Our goal is to match rows from these two dataframes where the sites are within 50 meters of each other. This is a bit more challenging than the joins we’ve seen thus far. For instance, one naive approach is to use the merge method of pandas:

# Does *not* join properly
aqs_sites.merge(pa_sites, left_on=['lat', 'lon'], right_on=['lat', 'lon'])
site_id lat lon id label
0 06-111-1004 34.45 -119.23 48393 VCAPCD OJ

However, this matches AQS and PurpleAir sites that have the exact same latitude and longitude. We won’t use the code above because it doesn’t perform the join we want. For each AQS site, we want to see find the PurpleAir sites that are “close enough”, so we match rows even if they have slightly different latitudes and longitudes.

But how much difference in latitude and longitude correspond to 50 meters? Here, we’ll use a simple approximation: 111,111 meters in the north-south direction roughly equal to one degree of latitude, and 111,111 * cos(latitude) in the east-west direction correspond to one degree of longitude 1. Thus, we can find the latitude and longitude ranges that correspond to 25 meters in each direction (to make a 50m by 50m rectangle around each point).

magic_meters_per_lat = 111_111
offset_in_m = 25
offset_in_lat = offset_in_m / magic_meters_per_lat
offset_in_lat
0.000225000225000225
# To simplify even more, we'll use the median latitude for the AQS sites
median_latitude = aqs_sites['lat'].median()
magic_meters_per_lon = 111_111 * np.cos(np.radians(median_latitude))
offset_in_lon = offset_in_m / magic_meters_per_lon
offset_in_lon
0.000291515219937587

Finally, we’ll join AQS and PurpleAir sites together where the coordinates are within the offset_in_lat and offset_in_lon of each other. Doing this in SQL is much easier than doing it in pandas, so we’ll push the tables into a temporary SQLite database, then run a query to read the tables back into a dataframe.

import sqlalchemy

# An empty database name uses an in-memory sqlite database that doesn't save
# any files to disk
db = sqlalchemy.create_engine('sqlite://')
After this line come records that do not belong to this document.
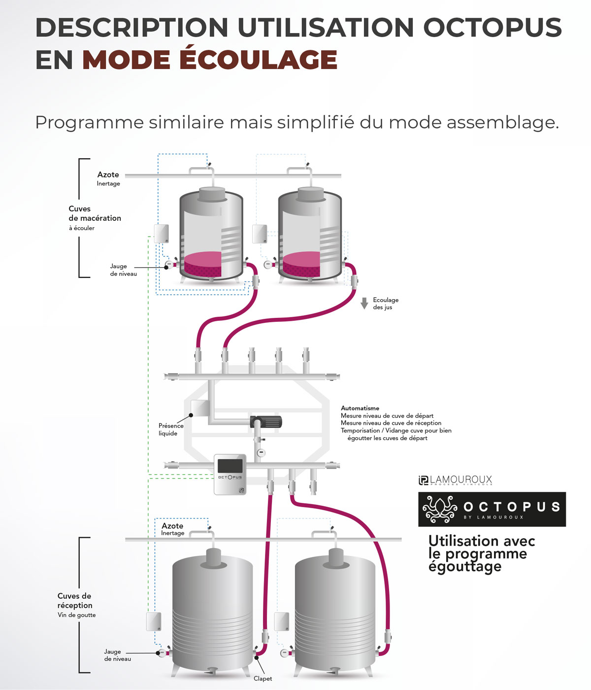 OCTOPUS s’impose comme un outil incontournable pour les professionnels de la vinification, alliant automatisation, modularité et sécurité. Sa conception innovante, son interface intelligente et ses multiples fonctionnalités en font un équipement idéal pour optimiser la gestion des chais. Grâce à cette innovation, Lamouroux s'affirme une fois de plus comme un acteur majeur de l'innovation dans le domaine vinicole.
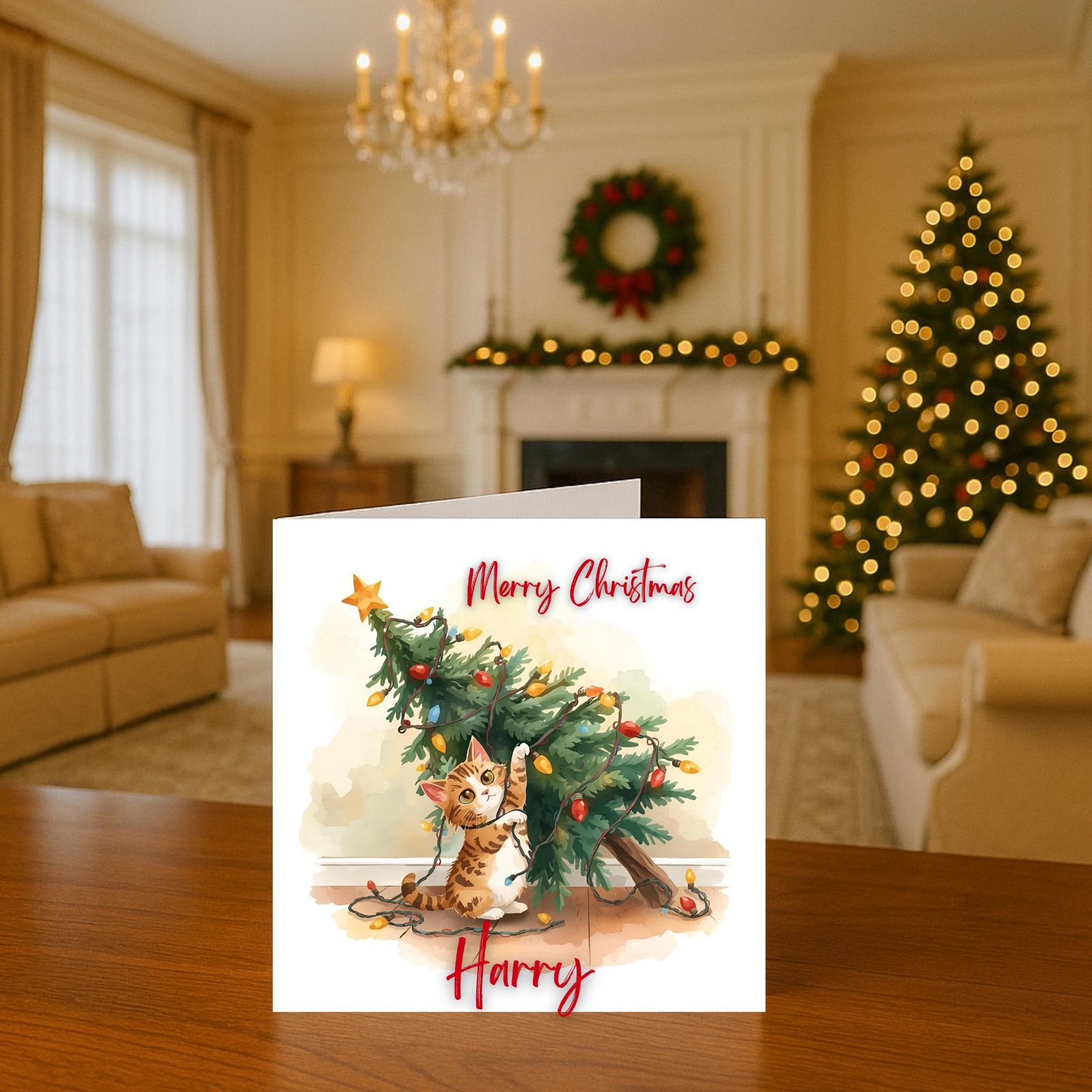 Personalised Cat Christmas Card With Festive Tree Scene, Pet Holiday Greeting, Custom Name Gift For Cat Lovers, Warm Seasonal Design
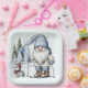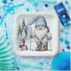 Un gnomo con barba blanca que lleva un gorra de invierno azul y sujeta postes de esquí se alza sobre el terreno nevado junto a un conejo vestido con una bufanda roja.
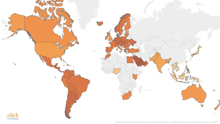 El mapa de calor de popularidad de la serie muestra también un fuerte desempeño en Arabia Saudita, seguido por Ucrania, donde la serie se mantuvo en el Top 10 durante 10 semanas, la mayor cantidad de semana en todos los países mencionados. En tanto, Argentina y Alemania también mostraron gran interés, con Alemania ubicándose en el cuarto lugar entre 92 países donde la serie fue lo más visto.
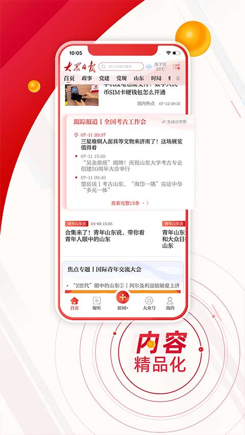 大众日报app是一款功能全面的新闻阅读软件,其内容广泛覆盖时政、品牌动态、文化体育、经济金融以及地方新闻等领域,实现了与纸质版报纸的同步更新。而且内容规划致力于实现精细化、专业化及个性化,展现高端政治、深入解析、集中关注、明显的山东风貌等明显特色,彰显山东区域的独特文化。
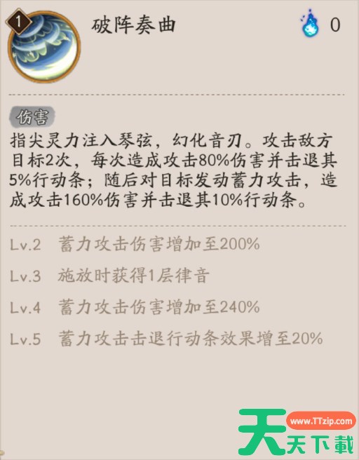 指尖灵力注入琴弦,幻化音刃。攻击敌方目标2次,每次造成攻击80%伤害并击退其5%行动条;随后对目标发动蓄力攻击,造成攻击160%伤害并击退其10%行动条。
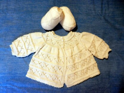 Knitted in soft and feathery 3 ply yarn, this matinee jacket is super soft and light, perfect for a newborn baby up to three months old. The pattern, maybe not suitable for an absolute beginner is nevertheless, not too complicated, so suitable for someone with just a little experience and confidence.
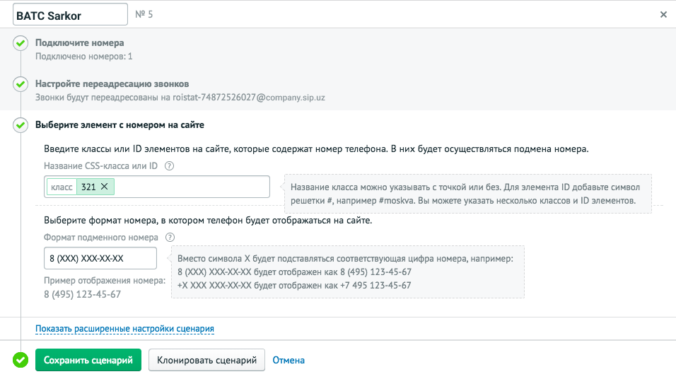 5. Создайте новый сценарий, укажите его имя, в «Подключите номера» зайдите во вкладку «Свои номера» и введите туда ваш номер.
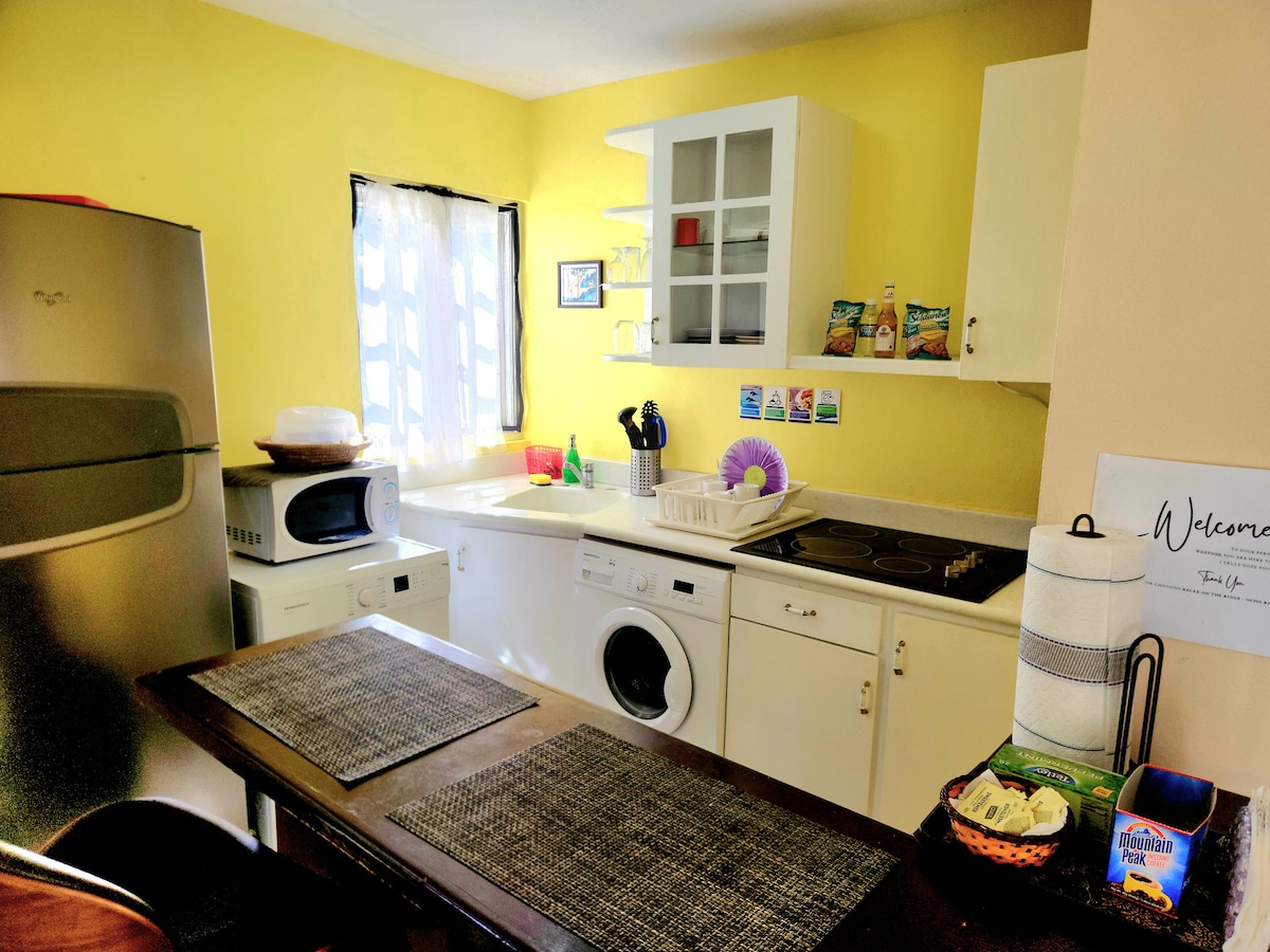 Relájate con toda la familia o amigos en este tranquilo alojamiento. Este alojamiento se encuentra en el segundo piso. Dormitorio 1 - Cama tamaño completo. - Vestidor de 6 cajones con espejo. - armario para pertenencias personales. - TV y stand - Baño privado con bañera. - Ventilador de cocina Habitación 2 -1 cama de matrimonio -1 cama individual. - Vestidor de 6 cajones - armario para pertenencias personales. - Televisión con soporte - Baño privado. - Ventilador de techo Balcón que conecta las habitaciones Cocina completa. - Refrigerador de tamaño completo. - Estufa de propano - Ventilador de techo
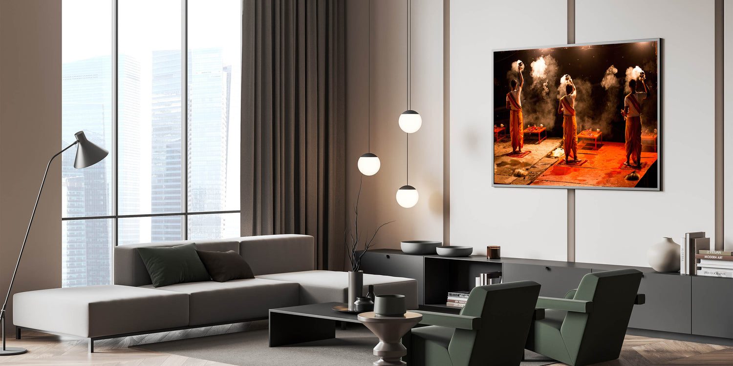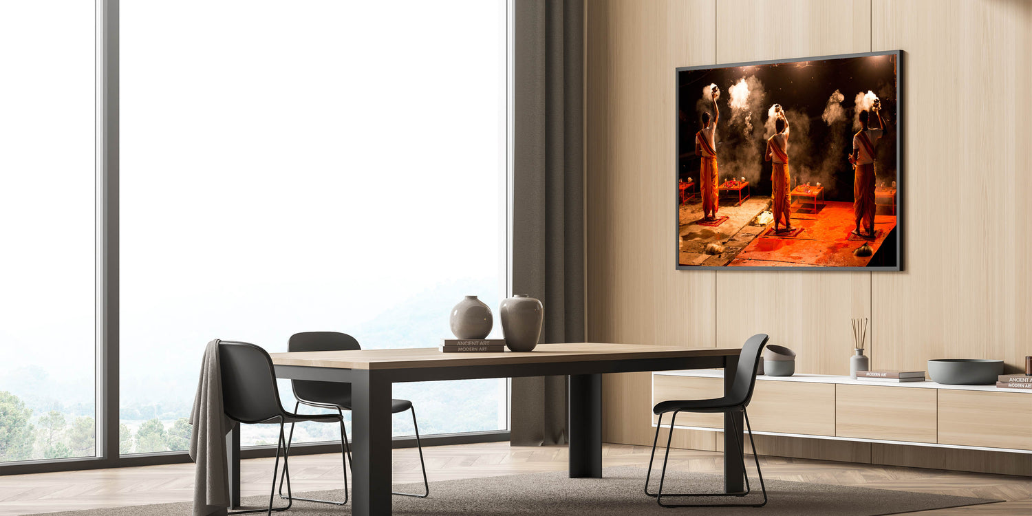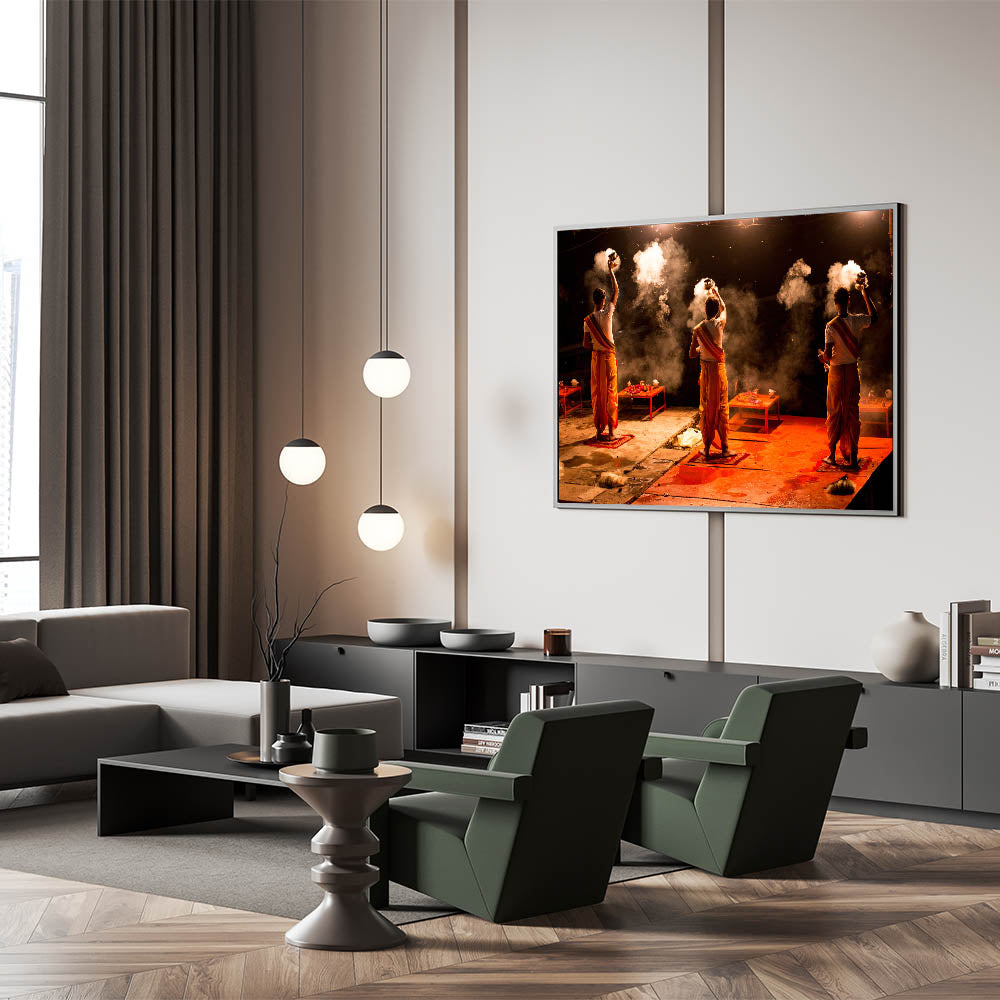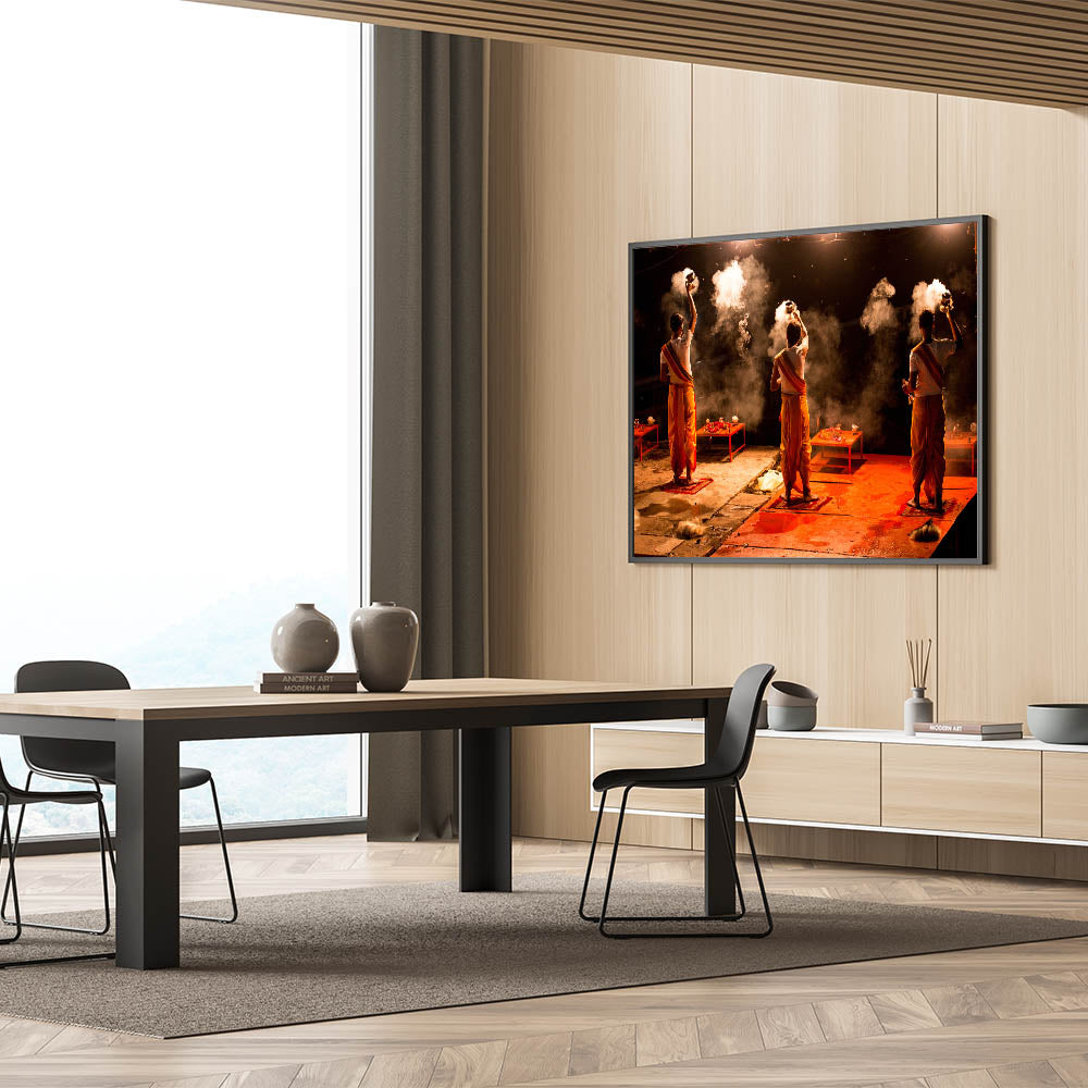 Experience the spiritual essence of India with this captivating wall art, showcasing the sacred evening Aarti ritual on the banks of the Ganges River. The powerful imagery of priests performing the ceremonial fire ritual against the backdrop of night creates an aura of mysticism and reverence. This artwork encapsulates the vibrant energy of Indian spirituality, making it an ideal piece for those looking to add depth and cultural significance to their space.
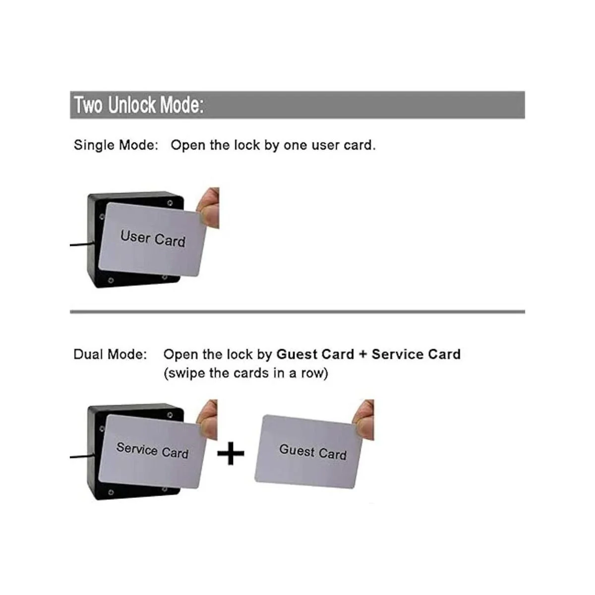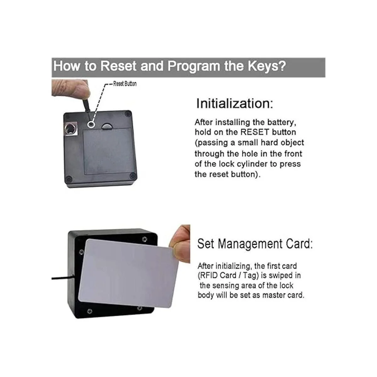 Una llave para múltiples cerraduras: estas cerraduras RFID son programables, y puedes utilizar una llave tarjeta RFID/llavero para desbloquear varias cerraduras de armario como quieras. Lo único que necesitas hacer: programa la llave en las cerraduras y pruébala antes de la instalación.
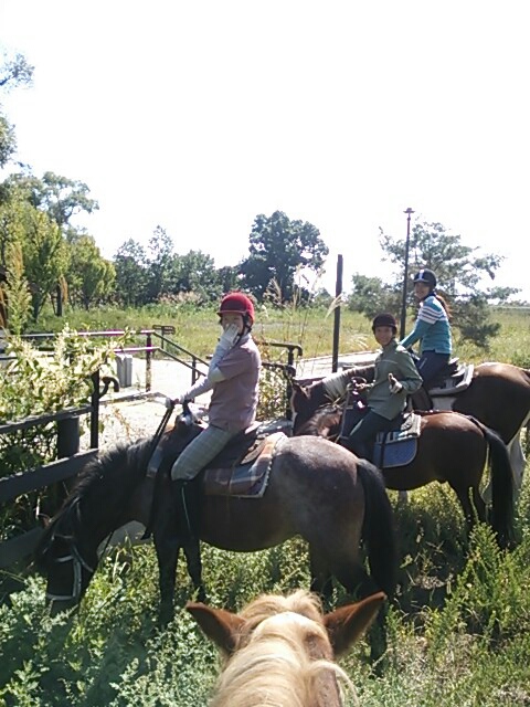 馬場で、レッスンを受けてから、初心者の方でも、川沿いのお散歩を楽しむことができます。
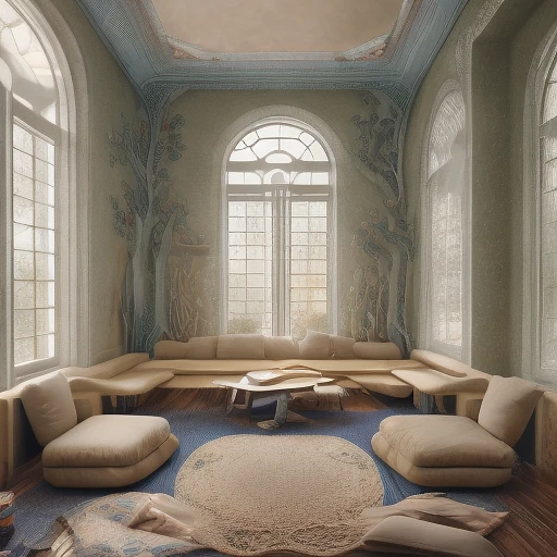 High resolution photography interior design, dreamy sunken living room conversation pit, wooden floor, small windows opening onto the garden, bauhaus furniture and decoration, high ceiling, beige blue salmon pastel palette, interior design magazine, cozy atmosphere; 8k, intricate detail, photorealistic, realistic light, wide angle, kinkfolk photography, A+D architecture
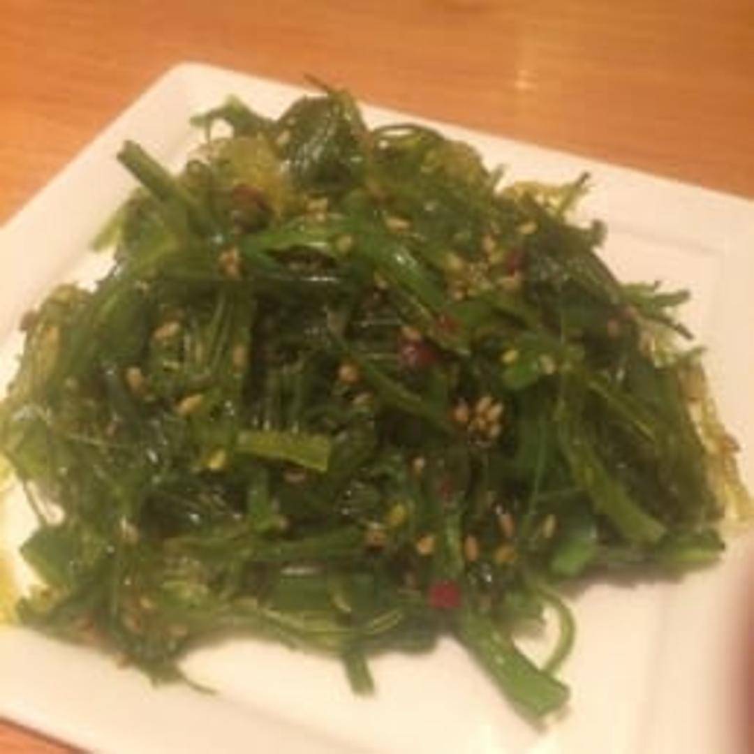 A traditional and healthy Japanese appetizer composed of tender, marinated green wakame seaweed. Seasoned with a delicate balance of sesame oil, rice vinegar, and a sprinkle of toasted sesame seeds, this salad offers a unique umami flavor and a satisfying, slightly chewy texture, perfect for cleansing the palate.

aqs_sites.to_sql(name='aqs', con=db, index=False)
pa_sites.to_sql(name='pa', con=db, index=False)
query = f'''
SELECT
  aqs.site_id AS aqs_id,
  pa.id AS pa_id,
  pa.label AS pa_label,
  aqs.lat AS aqs_lat,
  aqs.lon AS aqs_lon,
  pa.lat AS pa_lat,
  pa.lon AS pa_lon
FROM aqs JOIN pa
  ON  pa.lat - {offset_in_lat} <= aqs.lat
  AND                             aqs.lat <= pa.lat + {offset_in_lat}
  AND pa.lon - {offset_in_lon} <= aqs.lon
  AND                             aqs.lon <= pa.lon + {offset_in_lon}
'''
matched = pd.read_sql(query, db)
matched
aqs_id pa_id pa_label aqs_lat aqs_lon pa_lat pa_lon
0 06-019-0011 6568 IMPROVE_FRES2 36.79 -119.77 36.79 -119.77
1 06-019-0011 13485 AMTS_Fresno 36.79 -119.77 36.79 -119.77
2 06-019-0011 44427 Fresno CARB CCAC 36.79 -119.77 36.79 -119.77
... ... ... ... ... ... ... ...
146 53-061-1007 3659 Marysville 7th 48.05 -122.17 48.05 -122.17
147 53-063-0021 54603 Augusta 1 SRCAA 47.67 -117.36 47.67 -117.36
148 56-021-0100 50045 WDEQ-AQD Cheyenne NCore 41.18 -104.78 41.18 -104.78

149 rows × 7 columns

We’ve achieved our goal—we matched AQS sites with PurpleAir sensors. Barkjohn’s paper mentions that they found 42 candidate matches in August of 2018. We ran this analysis using 2021 data, and we have 149 candidate matches. Perhaps in the years between 2018 and 2021 many more AQS or PurpleAir sensors were installed. In either case, this part of the analysis provides a taste of the types of wrangling we’ll use again in the rest of this chapter. In the next section, we’ll wrangle, explore, and clean sensor data from an AQS site.


1

This estimation works by assuming that the Earth is perfectly spherical. Then, one degree of latitude is \( \frac{\pi}{180} \cdot r \), where \( r \) is the radius of the Earth in meters. Plugging in the average radius of the Earth gives 111,111 meters per degree of latitude. Longitude is the same, but the radius of each “ring” around the Earth decreases as we get closer to the poles, so we adjust by a factor of \( \cos(\text{lat}) \) . It turns out that the Earth isn’t perfectly spherical, so these estimations can’t be used for precise calculations, like landing a rocket. But for our purposes they do just fine.